Output nothing but the lines from the one holding "7、全国区域内,有地震发生时" to the end of the listing. Reproduce them exactly, without the pictures.

○ ○ ○

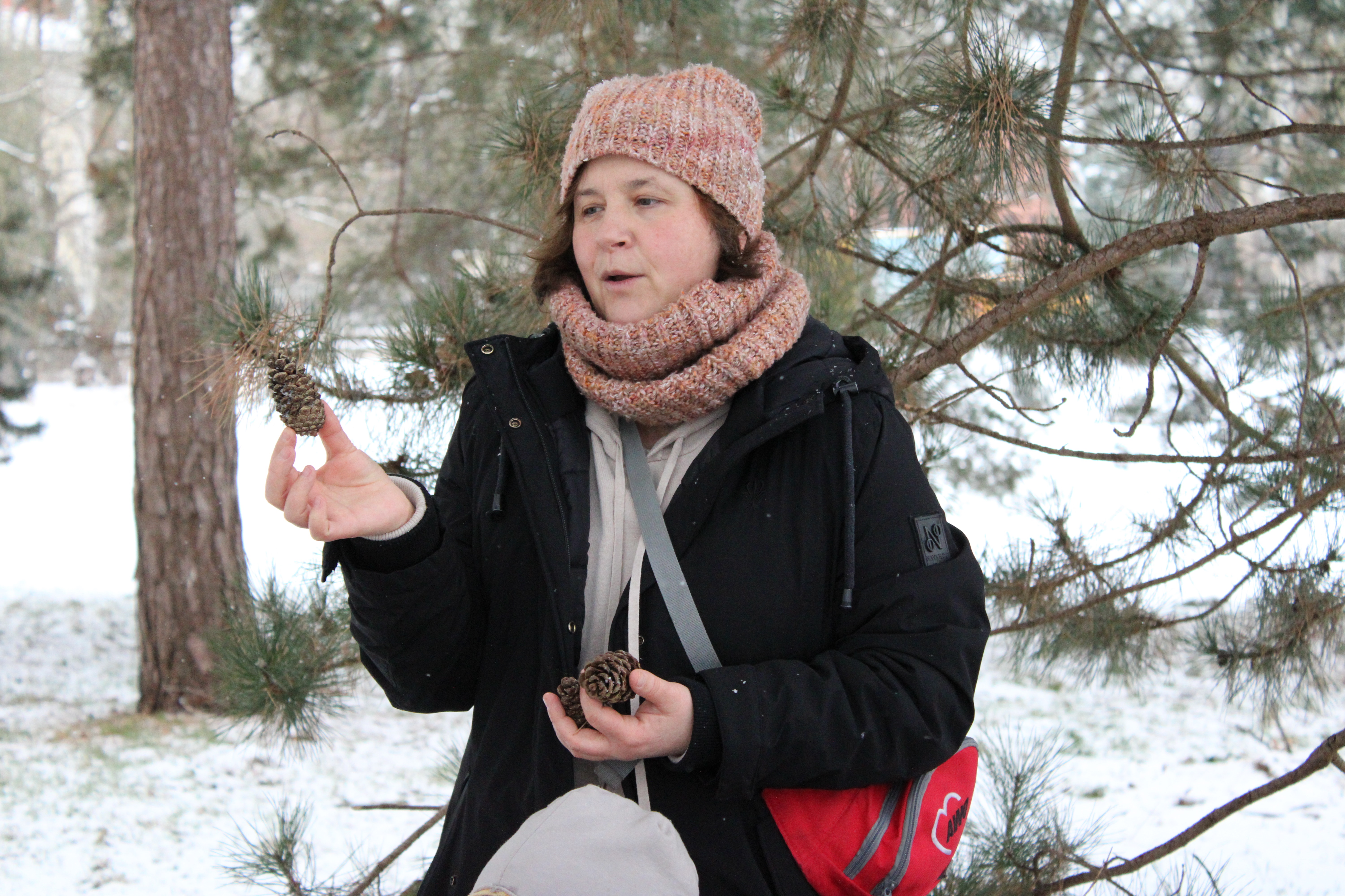 Besonders spannend war unser näherer Blick auf die Kiefernzapfen. Wir nahmen sie in die Hand, untersuchten ihre Form, fühlten ihre raue Textur und fragten uns, woher sie stammten. Kiefernzapfen sind die Fruchtstände von Nadelbäumen und spielen eine wichtige Rolle im Ökosystem, indem sie Samen verbreiten, die neue Bäume wachsen lassen. Einige Kiefernzapfen nahmen wir anschließend mit in die Kita.
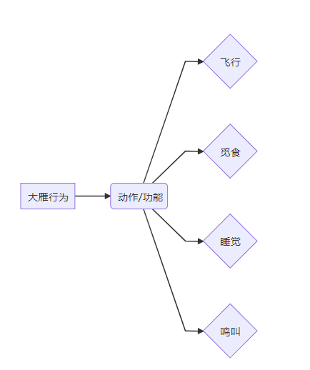 从这两张流程图中可以看出,在大雁群中所有的大雁都具有统一的外观特征和行为模式(功能),因此,在这种分类体系下,我们可以将这类生物统称为该分类中的成员或实例。
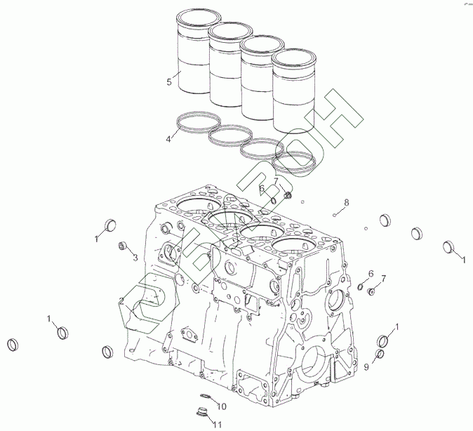 Графический каталог запасных частей к технике: ЯМЗ-534. 536.1002011-10 Блок цилиндров
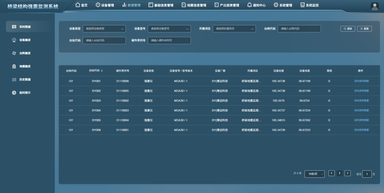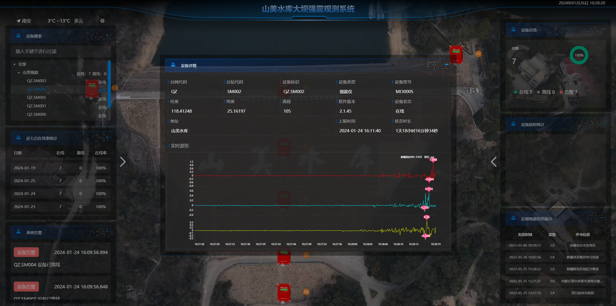 7、全国区域内,有地震发生时,实时计算对项目现场的影响:预估地震烈度,预估到达时间等。并提前通过系统给出预警信息,地震到达前、中、后,数据实时联动记录分析,评估地震实际破坏。
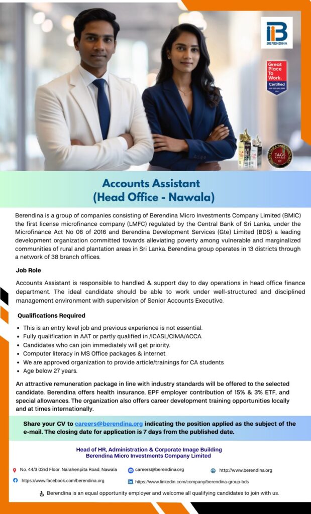 Finance and Accounts Accounts Assistant 1 hour ago Deadline :- 12th March 2026 Company:- Berendina Location:- Nawala, Colombo Apply now :- careers@berendina.org Post navigation Previous: Digital Marketing Executive/ Technical Sales Officer/ Customer Relationship OfficerNext: Project Coordinator Related Vacancies Finance and Accounts Accounts Executive 8 hours ago Finance and Accounts Internship Internship – Finance 1 day ago Finance and Accounts Sales and Marketing Finance Executive/ Sales Assistant 2 days ago

○ ○ ○

Expected output:
 7、全国区域内,有地震发生时,实时计算对项目现场的影响:预估地震烈度,预估到达时间等。并提前通过系统给出预警信息,地震到达前、中、后,数据实时联动记录分析,评估地震实际破坏。
 Finance and Accounts Accounts Assistant 1 hour ago Deadline :- 12th March 2026 Company:- Berendina Location:- Nawala, Colombo Apply now :- careers@berendina.org Post navigation Previous: Digital Marketing Executive/ Technical Sales Officer/ Customer Relationship OfficerNext: Project Coordinator Related Vacancies Finance and Accounts Accounts Executive 8 hours ago Finance and Accounts Internship Internship – Finance 1 day ago Finance and Accounts Sales and Marketing Finance Executive/ Sales Assistant 2 days ago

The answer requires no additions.